All entries below are to be written out again exactly, but no picture is to be copied.

***

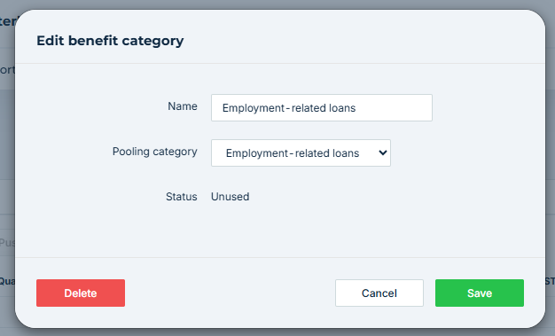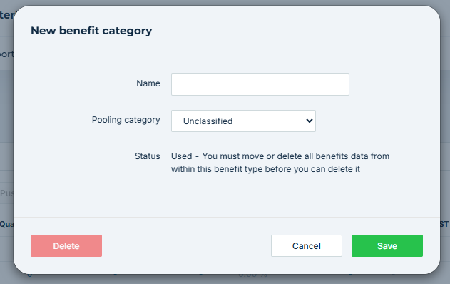 A benefit category can only be deleted if there are no benefits associated with it in any locked period across any tax year. This helps prevent accidental deletion of data from prior periods.
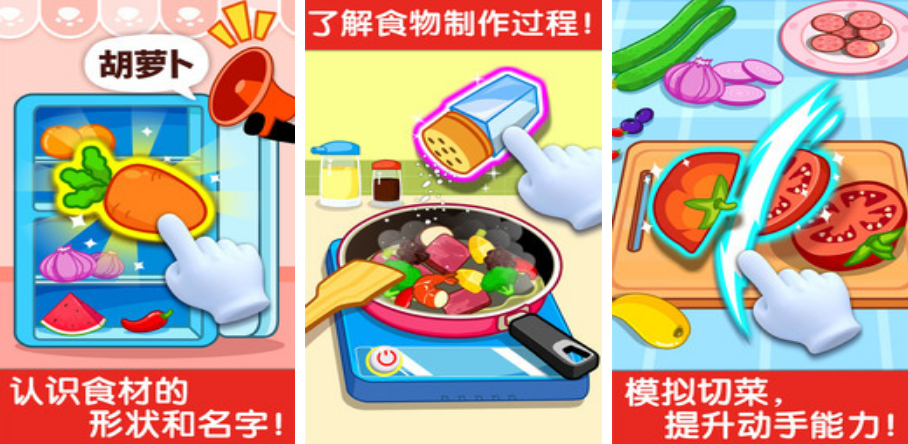 可愛小寶寶會在游戲中逐漸掌握食物的名稱和營養(yǎng)元素,這是本游戲的最終目標(biāo)。超級吸引兒童眼光的卡通小廚房,塑造了極其誘人的飯菜制作過程,玩家可以使用各種素材親自切菜和煮飯,也可以在家長指導(dǎo)下烘烤蛋糕和制作沙拉。游戲里不僅有各種中餐和西餐的制作方式,也有廚房里的各種安全小知識,提醒電和煤氣的注意事項(xiàng)。
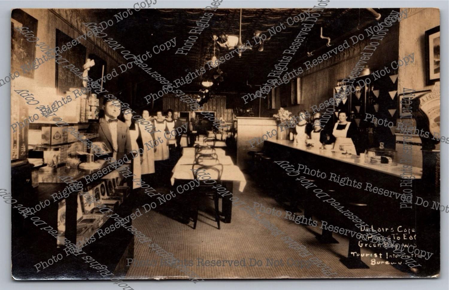 Antique RPPC 1923 De Lair's Cafe Green Bay Wisconsin Staff Real Photo Postcard
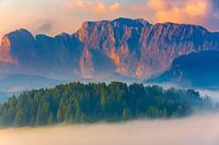 Zonsopkomst met mist over Alpe di Siusi (Duits; Seiser Alm), een Dolomietenplateau en de grootste alpenweide op grote hoogte van Europa. Gelegen in de Italiaanse provincie Zuid-Tirol in het Dolomietengebergte.
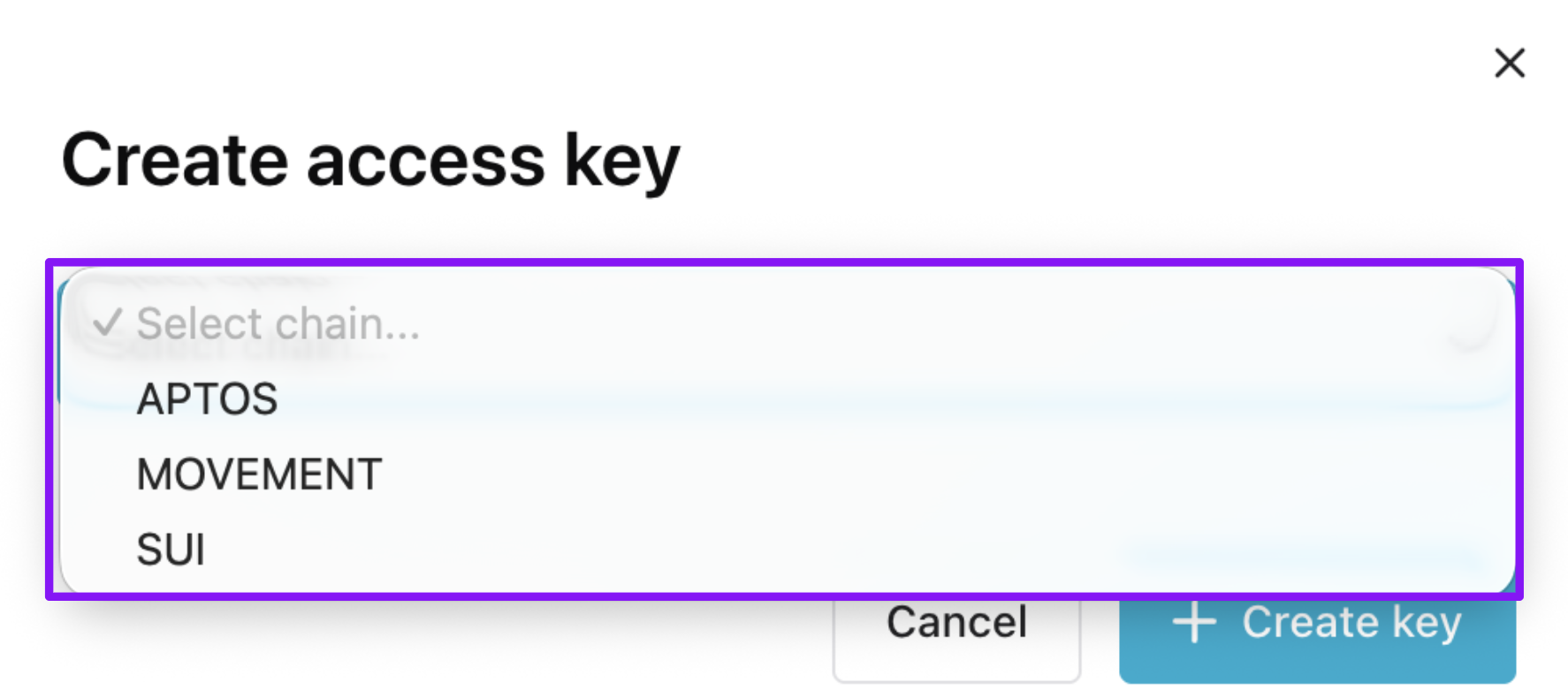 All access key creations start with clicking ”+ Create Key” on the Access Keys page of your dashboard and then selecting a chain.
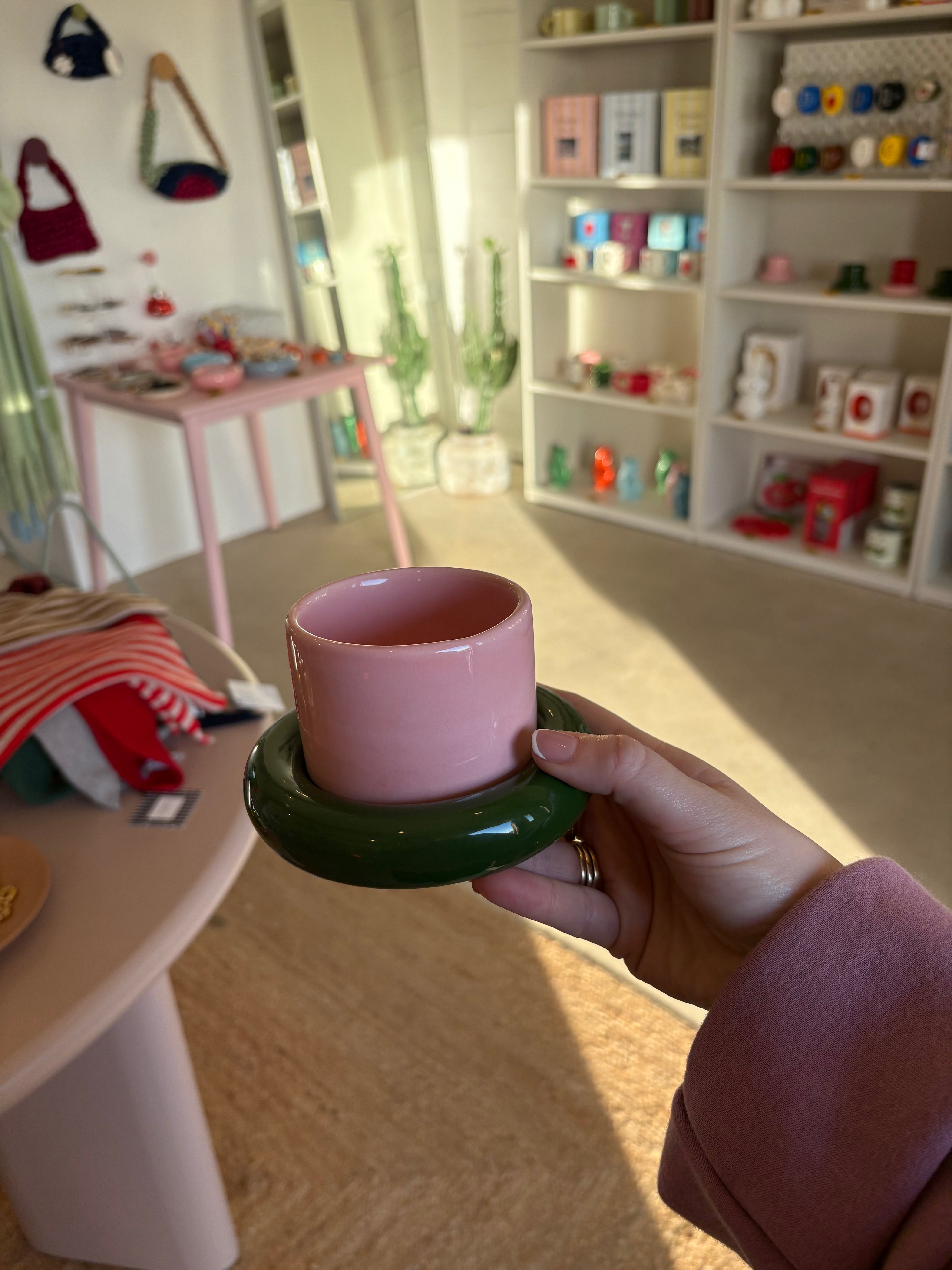 Handcrafted with care, this blush & Green pink coffee cup and saucer set is a modern take on everyday ritual. Each piece is wheel-thrown in stoneware and finished with a soft blush glaze, creating subtle variations in tone and texture that make every set truly one of a kind. Perfect for coffee, tea, or gifting, it’s a timeless addition to any collection.
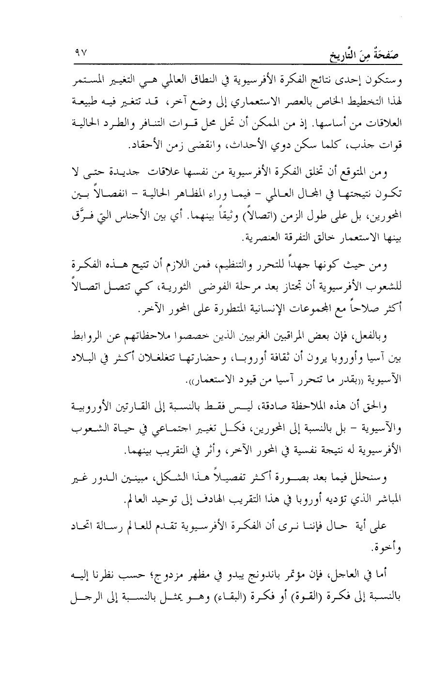وستكون إحدى نتائج الفكرة الأفرسيوية في النطاق العالمي هي التغيير المستمر لهذا التخطيط الخاص بالعصر الاستعماري إلى وضع آخر، قد تتغير فيه طبيعة العلاقات من أساسها. إذ من الممكن أن تحل محل قوات التنافر والطرد الحالية قوات جذب، كلما سكن دوي الأحداث، وانقضى زمن الأحقاد.
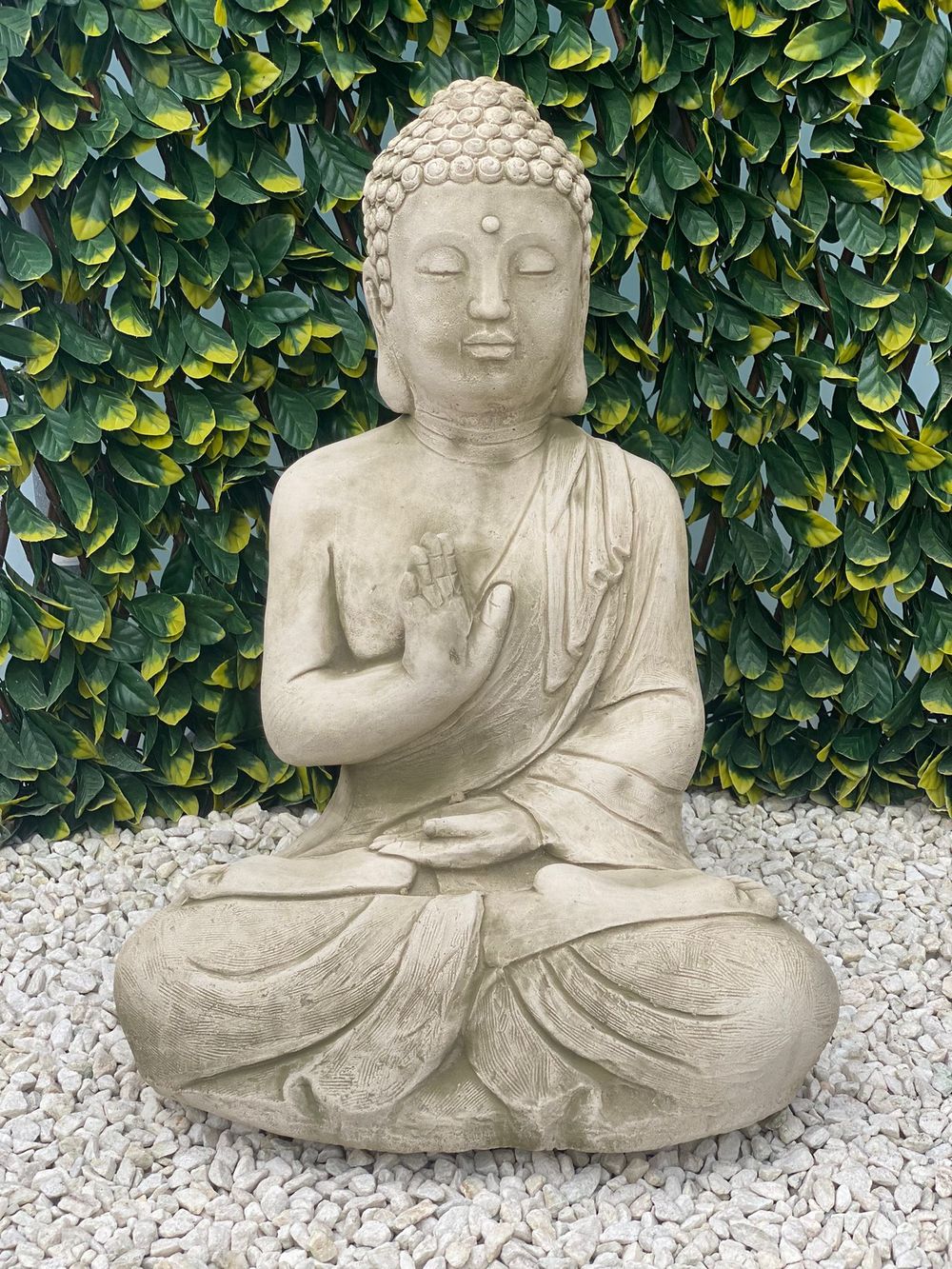 Hand-finished 64cm cast stone Buddha statue with frost-proof construction for year-round garden display

***

◆ **ANSWER BOX**
 A benefit category can only be deleted if there are no benefits associated with it in any locked period across any tax year. This helps prevent accidental deletion of data from prior periods.
 可愛小寶寶會在游戲中逐漸掌握食物的名稱和營養(yǎng)元素,這是本游戲的最終目標(biāo)。超級吸引兒童眼光的卡通小廚房,塑造了極其誘人的飯菜制作過程,玩家可以使用各種素材親自切菜和煮飯,也可以在家長指導(dǎo)下烘烤蛋糕和制作沙拉。游戲里不僅有各種中餐和西餐的制作方式,也有廚房里的各種安全小知識,提醒電和煤氣的注意事項(xiàng)。
 Antique RPPC 1923 De Lair's Cafe Green Bay Wisconsin Staff Real Photo Postcard
 Zonsopkomst met mist over Alpe di Siusi (Duits; Seiser Alm), een Dolomietenplateau en de grootste alpenweide op grote hoogte van Europa. Gelegen in de Italiaanse provincie Zuid-Tirol in het Dolomietengebergte.
 All access key creations start with clicking ”+ Create Key” on the Access Keys page of your dashboard and then selecting a chain.
 Handcrafted with care, this blush & Green pink coffee cup and saucer set is a modern take on everyday ritual. Each piece is wheel-thrown in stoneware and finished with a soft blush glaze, creating subtle variations in tone and texture that make every set truly one of a kind. Perfect for coffee, tea, or gifting, it’s a timeless addition to any collection.
وستكون إحدى نتائج الفكرة الأفرسيوية في النطاق العالمي هي التغيير المستمر لهذا التخطيط الخاص بالعصر الاستعماري إلى وضع آخر، قد تتغير فيه طبيعة العلاقات من أساسها. إذ من الممكن أن تحل محل قوات التنافر والطرد الحالية قوات جذب، كلما سكن دوي الأحداث، وانقضى زمن الأحقاد.
 Hand-finished 64cm cast stone Buddha statue with frost-proof construction for year-round garden display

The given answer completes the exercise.